I'm in a second year discrete mathematics course, and we have identities like this $$\binom{n}{k}(n-k) = \binom{n-1}{k}n$$ and Pascal's Triangle law.
Our professor said that algebraic proofs are fine (and I have them) but is encouraging us to learn combinatorial arguments. I have them for most the rest of the questions; however, this one is stumping me. I'm looking over my notes, and it looks most like $A_k^n$, but that hasn't really gotten my anywhere. I'm not sure how to parse the LHS and RHS into any meaningful counting argument. Any help would be much appreciated!
By combinatorial argument I would understand the challenge to be proving an identity as two ways of counting the same quantity.

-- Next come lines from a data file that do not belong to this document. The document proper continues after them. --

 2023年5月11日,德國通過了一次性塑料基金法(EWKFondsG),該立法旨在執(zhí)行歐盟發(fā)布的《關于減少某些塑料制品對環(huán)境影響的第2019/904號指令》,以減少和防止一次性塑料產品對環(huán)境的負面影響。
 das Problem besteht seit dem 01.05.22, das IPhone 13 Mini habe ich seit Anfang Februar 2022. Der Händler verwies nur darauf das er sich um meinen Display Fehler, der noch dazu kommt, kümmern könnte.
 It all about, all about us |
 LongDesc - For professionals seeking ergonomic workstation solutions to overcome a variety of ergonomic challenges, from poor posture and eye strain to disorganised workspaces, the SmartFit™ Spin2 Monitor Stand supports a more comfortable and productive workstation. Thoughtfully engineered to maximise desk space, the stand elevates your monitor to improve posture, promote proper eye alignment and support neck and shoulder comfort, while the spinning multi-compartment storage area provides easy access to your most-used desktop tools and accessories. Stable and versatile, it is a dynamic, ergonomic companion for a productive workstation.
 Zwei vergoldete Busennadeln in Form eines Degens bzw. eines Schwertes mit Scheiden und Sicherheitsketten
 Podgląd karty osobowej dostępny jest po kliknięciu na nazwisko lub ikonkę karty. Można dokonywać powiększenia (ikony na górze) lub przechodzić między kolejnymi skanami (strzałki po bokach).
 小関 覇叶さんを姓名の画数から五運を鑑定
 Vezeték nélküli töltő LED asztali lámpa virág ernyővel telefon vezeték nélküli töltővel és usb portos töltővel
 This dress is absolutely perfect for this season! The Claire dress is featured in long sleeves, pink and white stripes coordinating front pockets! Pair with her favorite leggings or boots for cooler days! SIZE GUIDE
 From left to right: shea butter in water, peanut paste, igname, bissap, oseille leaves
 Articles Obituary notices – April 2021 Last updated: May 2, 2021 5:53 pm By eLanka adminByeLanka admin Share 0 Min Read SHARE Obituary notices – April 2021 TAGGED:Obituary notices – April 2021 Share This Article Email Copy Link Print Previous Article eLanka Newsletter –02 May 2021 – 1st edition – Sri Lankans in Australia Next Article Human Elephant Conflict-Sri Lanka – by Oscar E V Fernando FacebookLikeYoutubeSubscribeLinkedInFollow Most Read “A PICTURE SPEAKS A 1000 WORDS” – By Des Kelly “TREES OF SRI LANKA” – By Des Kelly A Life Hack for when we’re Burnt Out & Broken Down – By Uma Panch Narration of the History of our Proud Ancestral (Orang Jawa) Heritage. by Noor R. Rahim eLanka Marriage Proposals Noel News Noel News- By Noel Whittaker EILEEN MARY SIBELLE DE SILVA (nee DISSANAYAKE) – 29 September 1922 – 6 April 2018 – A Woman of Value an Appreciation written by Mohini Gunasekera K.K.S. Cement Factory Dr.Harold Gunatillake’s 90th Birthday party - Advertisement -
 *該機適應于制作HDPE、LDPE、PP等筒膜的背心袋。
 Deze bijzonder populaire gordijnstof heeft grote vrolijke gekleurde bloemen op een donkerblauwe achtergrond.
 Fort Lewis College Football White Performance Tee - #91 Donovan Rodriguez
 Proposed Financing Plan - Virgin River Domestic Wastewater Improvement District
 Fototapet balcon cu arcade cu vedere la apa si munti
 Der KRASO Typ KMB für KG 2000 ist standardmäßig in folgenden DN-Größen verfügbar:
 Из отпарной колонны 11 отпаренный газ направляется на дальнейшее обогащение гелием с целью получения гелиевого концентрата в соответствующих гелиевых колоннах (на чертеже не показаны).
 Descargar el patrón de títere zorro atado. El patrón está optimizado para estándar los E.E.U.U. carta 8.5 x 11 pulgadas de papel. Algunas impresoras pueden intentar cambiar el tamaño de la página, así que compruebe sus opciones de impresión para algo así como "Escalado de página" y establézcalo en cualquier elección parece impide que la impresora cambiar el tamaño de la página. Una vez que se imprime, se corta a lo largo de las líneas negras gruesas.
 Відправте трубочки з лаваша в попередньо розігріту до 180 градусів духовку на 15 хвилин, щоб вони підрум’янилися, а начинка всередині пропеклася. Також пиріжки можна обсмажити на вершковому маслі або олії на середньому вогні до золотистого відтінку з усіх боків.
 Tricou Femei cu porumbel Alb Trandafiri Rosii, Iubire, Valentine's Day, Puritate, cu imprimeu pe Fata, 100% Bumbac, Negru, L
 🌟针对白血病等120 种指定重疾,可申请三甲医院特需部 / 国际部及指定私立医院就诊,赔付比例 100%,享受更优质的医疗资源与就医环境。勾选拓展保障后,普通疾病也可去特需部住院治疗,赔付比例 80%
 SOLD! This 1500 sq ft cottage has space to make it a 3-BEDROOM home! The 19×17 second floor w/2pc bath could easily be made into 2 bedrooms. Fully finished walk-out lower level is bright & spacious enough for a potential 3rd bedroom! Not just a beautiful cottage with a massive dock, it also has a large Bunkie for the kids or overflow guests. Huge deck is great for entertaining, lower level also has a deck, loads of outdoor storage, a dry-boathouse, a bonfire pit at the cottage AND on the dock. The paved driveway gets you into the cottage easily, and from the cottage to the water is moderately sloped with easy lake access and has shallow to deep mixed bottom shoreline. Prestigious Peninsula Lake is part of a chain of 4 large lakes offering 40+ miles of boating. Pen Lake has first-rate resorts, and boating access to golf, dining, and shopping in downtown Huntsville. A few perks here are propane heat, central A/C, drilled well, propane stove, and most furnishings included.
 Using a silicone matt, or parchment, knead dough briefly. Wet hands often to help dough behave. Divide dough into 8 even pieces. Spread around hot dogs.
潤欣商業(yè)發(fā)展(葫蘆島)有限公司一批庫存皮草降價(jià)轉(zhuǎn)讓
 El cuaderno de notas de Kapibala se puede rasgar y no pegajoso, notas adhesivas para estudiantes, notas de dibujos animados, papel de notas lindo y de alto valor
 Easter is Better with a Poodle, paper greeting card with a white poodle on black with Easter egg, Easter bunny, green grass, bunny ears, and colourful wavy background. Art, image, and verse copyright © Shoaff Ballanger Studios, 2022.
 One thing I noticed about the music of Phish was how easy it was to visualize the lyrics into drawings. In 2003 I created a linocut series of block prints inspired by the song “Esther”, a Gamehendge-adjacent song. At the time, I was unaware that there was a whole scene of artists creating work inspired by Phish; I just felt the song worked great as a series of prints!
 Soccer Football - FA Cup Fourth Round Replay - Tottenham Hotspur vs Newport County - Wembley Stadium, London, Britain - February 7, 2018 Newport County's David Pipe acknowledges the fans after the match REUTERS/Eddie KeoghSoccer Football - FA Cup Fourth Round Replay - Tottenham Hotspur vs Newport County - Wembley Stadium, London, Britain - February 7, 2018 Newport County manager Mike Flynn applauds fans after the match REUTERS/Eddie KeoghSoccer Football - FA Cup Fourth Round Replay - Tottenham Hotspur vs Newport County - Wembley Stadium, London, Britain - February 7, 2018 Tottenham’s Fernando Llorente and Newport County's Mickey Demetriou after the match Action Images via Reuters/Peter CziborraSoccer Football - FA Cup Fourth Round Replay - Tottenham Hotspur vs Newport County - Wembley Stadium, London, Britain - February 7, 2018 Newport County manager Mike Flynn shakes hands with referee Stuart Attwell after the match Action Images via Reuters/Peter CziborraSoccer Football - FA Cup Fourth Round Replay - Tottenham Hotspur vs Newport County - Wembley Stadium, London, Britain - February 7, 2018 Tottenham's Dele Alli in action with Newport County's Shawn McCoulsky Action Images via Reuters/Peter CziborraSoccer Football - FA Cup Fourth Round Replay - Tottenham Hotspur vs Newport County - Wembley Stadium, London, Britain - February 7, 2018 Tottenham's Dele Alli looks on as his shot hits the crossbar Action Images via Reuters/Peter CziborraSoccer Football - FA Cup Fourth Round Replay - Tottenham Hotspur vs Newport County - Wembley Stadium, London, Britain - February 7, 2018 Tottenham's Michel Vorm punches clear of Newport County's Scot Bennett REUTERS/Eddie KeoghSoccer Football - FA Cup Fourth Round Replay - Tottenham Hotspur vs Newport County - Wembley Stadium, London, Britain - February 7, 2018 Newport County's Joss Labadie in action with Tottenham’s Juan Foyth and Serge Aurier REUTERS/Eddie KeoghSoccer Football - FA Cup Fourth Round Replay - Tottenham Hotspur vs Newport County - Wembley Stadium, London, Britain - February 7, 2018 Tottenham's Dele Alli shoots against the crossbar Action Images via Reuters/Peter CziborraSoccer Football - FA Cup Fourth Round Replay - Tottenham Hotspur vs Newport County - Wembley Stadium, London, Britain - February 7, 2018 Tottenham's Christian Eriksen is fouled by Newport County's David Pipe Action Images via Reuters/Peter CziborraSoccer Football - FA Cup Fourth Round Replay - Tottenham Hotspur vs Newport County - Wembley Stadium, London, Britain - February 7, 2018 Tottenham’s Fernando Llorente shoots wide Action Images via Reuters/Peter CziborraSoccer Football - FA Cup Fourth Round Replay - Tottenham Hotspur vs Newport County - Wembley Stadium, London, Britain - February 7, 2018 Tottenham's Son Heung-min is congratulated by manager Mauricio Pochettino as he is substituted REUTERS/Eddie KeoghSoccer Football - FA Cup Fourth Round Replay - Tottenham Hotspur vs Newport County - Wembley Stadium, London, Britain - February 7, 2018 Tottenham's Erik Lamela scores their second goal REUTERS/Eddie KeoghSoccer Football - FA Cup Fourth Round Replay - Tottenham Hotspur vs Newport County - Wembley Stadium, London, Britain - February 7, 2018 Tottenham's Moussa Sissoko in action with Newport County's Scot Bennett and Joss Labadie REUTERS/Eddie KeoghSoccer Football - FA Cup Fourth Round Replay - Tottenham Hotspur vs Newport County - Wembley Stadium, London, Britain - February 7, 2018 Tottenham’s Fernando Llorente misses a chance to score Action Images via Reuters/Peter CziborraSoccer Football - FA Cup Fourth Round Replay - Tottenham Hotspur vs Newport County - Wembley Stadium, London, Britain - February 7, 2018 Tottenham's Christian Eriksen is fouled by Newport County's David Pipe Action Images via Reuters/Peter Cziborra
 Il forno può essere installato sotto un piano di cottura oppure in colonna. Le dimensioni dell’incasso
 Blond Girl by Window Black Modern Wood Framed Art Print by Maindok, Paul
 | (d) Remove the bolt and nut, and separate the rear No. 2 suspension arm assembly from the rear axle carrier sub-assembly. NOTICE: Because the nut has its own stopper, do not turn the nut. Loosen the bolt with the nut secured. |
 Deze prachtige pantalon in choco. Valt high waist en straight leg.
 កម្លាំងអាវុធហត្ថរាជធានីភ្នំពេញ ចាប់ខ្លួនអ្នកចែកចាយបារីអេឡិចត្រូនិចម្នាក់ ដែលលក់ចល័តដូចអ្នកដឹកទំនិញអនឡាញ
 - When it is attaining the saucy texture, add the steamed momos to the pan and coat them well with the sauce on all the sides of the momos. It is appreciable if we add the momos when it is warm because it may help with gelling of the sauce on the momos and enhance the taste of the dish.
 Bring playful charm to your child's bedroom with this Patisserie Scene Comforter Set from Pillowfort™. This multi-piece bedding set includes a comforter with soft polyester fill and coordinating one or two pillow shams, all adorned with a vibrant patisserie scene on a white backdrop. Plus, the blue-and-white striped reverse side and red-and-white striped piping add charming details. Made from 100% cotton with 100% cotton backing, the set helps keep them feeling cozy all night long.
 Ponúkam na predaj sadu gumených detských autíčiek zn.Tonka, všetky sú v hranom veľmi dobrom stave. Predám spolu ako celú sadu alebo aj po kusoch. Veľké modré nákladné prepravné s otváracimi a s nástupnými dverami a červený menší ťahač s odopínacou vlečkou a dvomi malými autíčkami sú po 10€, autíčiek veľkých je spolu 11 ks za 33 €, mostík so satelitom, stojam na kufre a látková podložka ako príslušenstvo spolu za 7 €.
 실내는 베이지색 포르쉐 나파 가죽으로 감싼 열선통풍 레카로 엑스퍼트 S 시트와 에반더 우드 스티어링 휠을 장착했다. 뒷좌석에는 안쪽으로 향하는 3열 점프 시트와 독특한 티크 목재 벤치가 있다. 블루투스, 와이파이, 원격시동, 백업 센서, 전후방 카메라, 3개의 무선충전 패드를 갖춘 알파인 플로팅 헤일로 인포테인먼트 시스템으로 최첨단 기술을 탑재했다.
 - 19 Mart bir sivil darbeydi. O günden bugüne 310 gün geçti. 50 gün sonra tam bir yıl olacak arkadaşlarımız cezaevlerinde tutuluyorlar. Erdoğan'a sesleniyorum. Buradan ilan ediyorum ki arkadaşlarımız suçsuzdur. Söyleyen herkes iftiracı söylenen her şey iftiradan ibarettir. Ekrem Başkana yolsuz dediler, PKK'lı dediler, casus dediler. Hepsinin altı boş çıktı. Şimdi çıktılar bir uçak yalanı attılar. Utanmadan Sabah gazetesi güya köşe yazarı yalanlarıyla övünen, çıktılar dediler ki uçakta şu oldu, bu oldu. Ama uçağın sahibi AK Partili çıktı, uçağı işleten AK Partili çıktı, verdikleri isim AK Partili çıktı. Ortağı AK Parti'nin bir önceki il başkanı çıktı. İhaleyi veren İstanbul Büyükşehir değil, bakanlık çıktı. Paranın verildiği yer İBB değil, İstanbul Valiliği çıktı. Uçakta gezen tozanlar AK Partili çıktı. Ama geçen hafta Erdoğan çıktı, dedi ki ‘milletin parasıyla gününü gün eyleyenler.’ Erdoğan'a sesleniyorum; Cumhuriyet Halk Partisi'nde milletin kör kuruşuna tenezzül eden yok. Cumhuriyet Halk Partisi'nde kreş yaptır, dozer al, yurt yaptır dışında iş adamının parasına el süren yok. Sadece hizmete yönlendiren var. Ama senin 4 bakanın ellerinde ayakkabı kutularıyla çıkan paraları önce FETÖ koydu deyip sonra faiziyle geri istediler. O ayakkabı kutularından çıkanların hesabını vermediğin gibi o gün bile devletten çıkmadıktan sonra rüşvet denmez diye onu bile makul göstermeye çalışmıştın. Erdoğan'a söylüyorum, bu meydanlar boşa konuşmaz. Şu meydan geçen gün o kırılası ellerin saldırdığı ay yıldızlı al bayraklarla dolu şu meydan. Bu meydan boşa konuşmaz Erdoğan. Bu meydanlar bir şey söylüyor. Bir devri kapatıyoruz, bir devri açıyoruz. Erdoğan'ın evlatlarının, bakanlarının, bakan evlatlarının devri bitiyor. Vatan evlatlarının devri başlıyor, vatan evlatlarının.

Sometimes a bit of lateral thinking can help to spot such an argument. The binomial $\binom{n}{k}$ is a way of counting the $k$-subsets of an $n$-set. Multiplying by $(n-k)$ is how many ways one could single out an element of the remaining $(n-k)$ items left after picking that $k$-subset.
So this is a bit like the "bonus ball" being chosen as the final draw in a lottery. The order of the first $k$ items doesn't matter; they are treated as a $k$-set. But the final ball drawn has a special significance, making it harder to earn the top prize by correctly identifying that number.
If you think of the left hand side in that fashion, it should be easy to find a similar explanation of how the right hand side represents counting the same possible outcomes in a different way. First pick (what), and then pick (the rest of the outcome)?